Data Models
Last updated
Last updated
This section describes the most relevant entities. For more detailed information about the data models such as Java source code, examples or the JSON Schemas you can visit the official OpenCGA Catalog Data Models code in GitHub.
A schematic diagram with the relation between OpenCGA Catalog Data Models is shown below:
The most relevant entities in OpenCGA Catalog are:
User:
Users represent the physical persons that are granted access to the database. Contains the data related to the user account.
Project
Projects represent the first physical separation of the data in OpenCGA. A Project entity contains information of a project, covering as many related studies as necessary.
Study
Studies represent the main space set environment. The Study is the parent of all the entities except project and user . It is important because most entities are defined at a study level (see the diagram above).
File:
Files represent the metadata about the files uploaded or linked to OpenCGA. This entity contains information regarding a submitted or generated file.
Sample
Information regarding the sample. Closely related to file entity.
Individual
Contain the information regarding the individual from whom the sample has been taken.
Cohort
Group sets of samples with some common feature(s).
Disease panel:
Define a disease panel containing the variants, genes and/or regions of interest.
Job
Job analysis launched using any of the files or samples.

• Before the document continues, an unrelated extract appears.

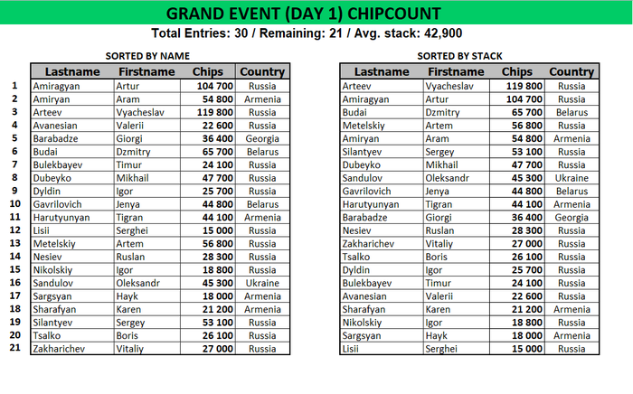 Ишхан Арсенян удвоился в префлоп оллине против Дмитрия Саковича, >, сейчас у него ~900,000. Средний стек в настоящий момент 1,320,000, в игре по прежнему 8 игроков

All OpenCGA Data Models have been designed to follow a list of principles. This principles are agnostic (not entity-dependant) and thus apply to all the entities. Knowing these principles allows you understand the mechanism used by Catalog to represent real world clinical metadata and to infer the structure of the data associated with any entity:
Parent-Child List Relationship
Chid-Parent reference
Annotation Sets: Catalog offers the option is to define user-custom annotation sets at any entity level.